A question for block dimension on cuda C programming

I have a question for cuda c programming.

When we write a cuda c code, we can set block dimension and grid dimension .

Like below [code1],

[code1]-----------------------------------------------------------------------------
dim3 dimBlock (32 , 32) ;
dim3 dimGrid ((N + dimBlock.x - 1) / dimBlock.x, (N + dimBlock.y -1)/ dimBlock.y);

I understand they set the number of threads.
but when I check my max number of threads by under [code2], It was appear to 1024.

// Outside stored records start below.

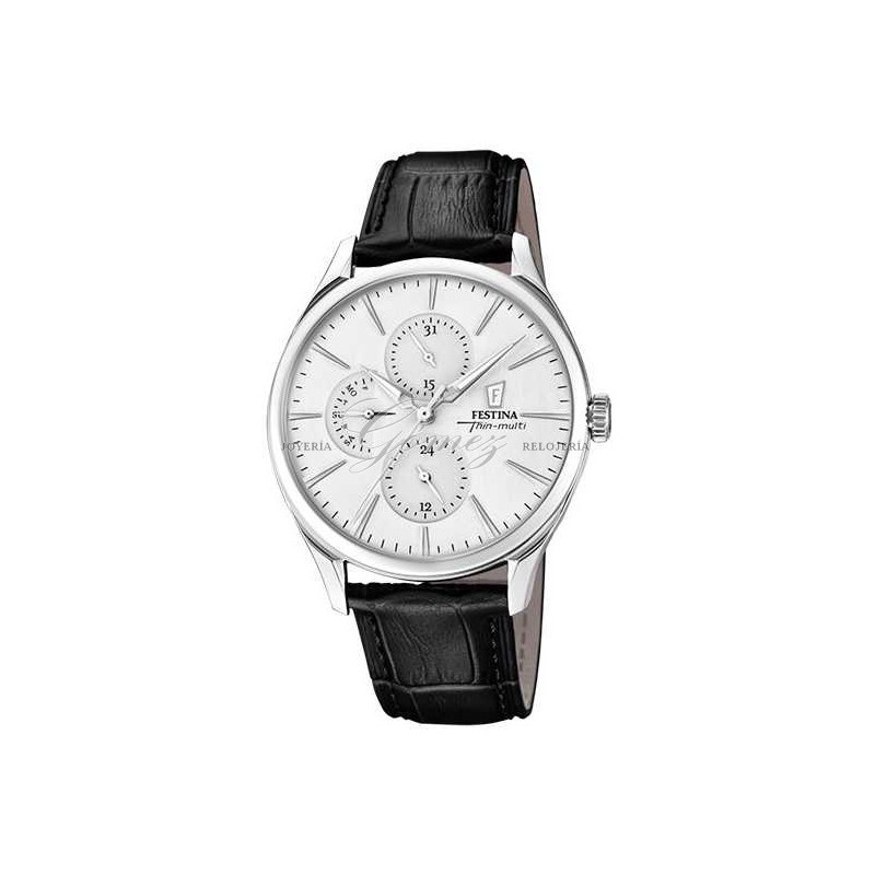 Reloj de caballero Festina con movimiento de cuarzo analógico, multifuncion. Caja de acero redonda, cristal mineral, esfera de color plata. Pulsera de piel de color negro. W.R. 30m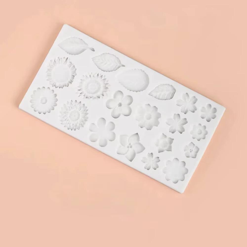 قالب سيليكون مولد للشوكولاتة ، قالب لصنع الزهور الصغيرة مثل الورود وأوراق الشجر وعباد الشمس والأقحوان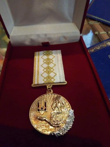 A helmet, brought from the front and painted by Ukrainian artist Maryana Dorichenko, was a present from TWoV and Natalia Prylutska. They also gave the Lithuanian President a “Keeper of Ukraine” badge.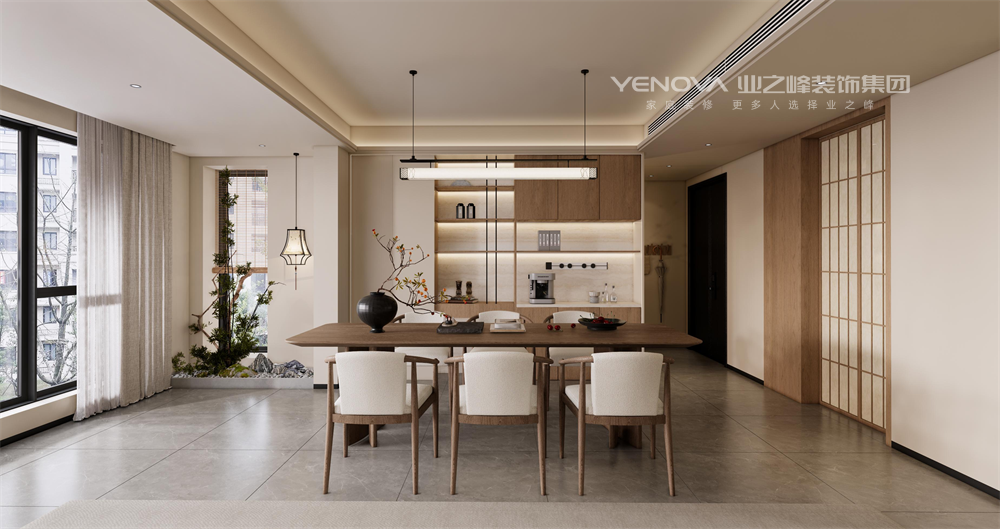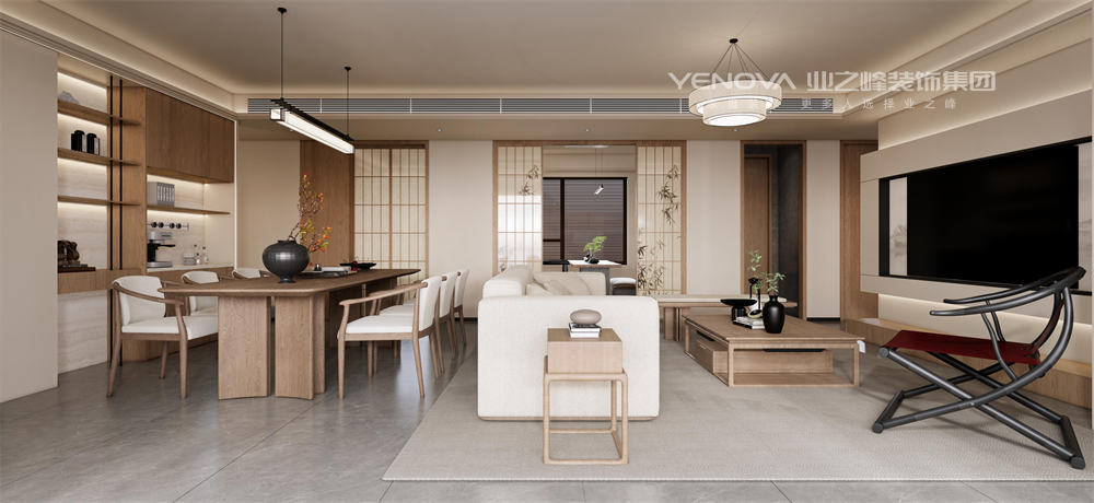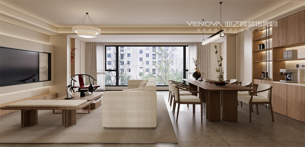 客餐厅采用一体化设计,动线流畅且空间通透。通过顶面局部跌级吊顶划分功能区域,视觉上更具层次感。客厅摒弃繁琐装饰,以 “少即是多” 的设计理念,搭配简约中式沙发与一体化收纳电视柜,兼顾美观与实用性。餐厅选用深色系餐桌餐椅,搭配原木色与白色相间的餐边柜,营造沉稳大气又不失温馨的用餐氛围。

[code2]---------------------------------------------------------
printf(“max threads per block : %d\n”,prop.maxThreadsPerBlock);

then I think I can set block dimension maximum 1024 like dimBlock(32,32).

But, although I increase the number of threads infinitely like dimBlock(1032500,1032500) , there are any compile error.

What is the my misunderstanding?
Perhaps, the compiler set the dimension to their maximum size automatically? or another reason?

I’m waiting your kind reply. thanks.

But, although I increase the number of threads infinitely like dimBlock(1032500,1032500) , there are any compile error.

runtime error will be occured (no error on compile time).
You’ll find this error by calling cudaGetLastError() just after kernel launch.

kernel_function<<<grid,TOO_BIG_BLOCK>>>(....);
cudaError_t status = cudaGetLastError();
assert( status == cudaSuccess);

Thank for your reply.

I tried to run the project.
actually, The result memory had wrong values you mentioned.

In my device, I have to set block dimension size under 1024.

Thank you again.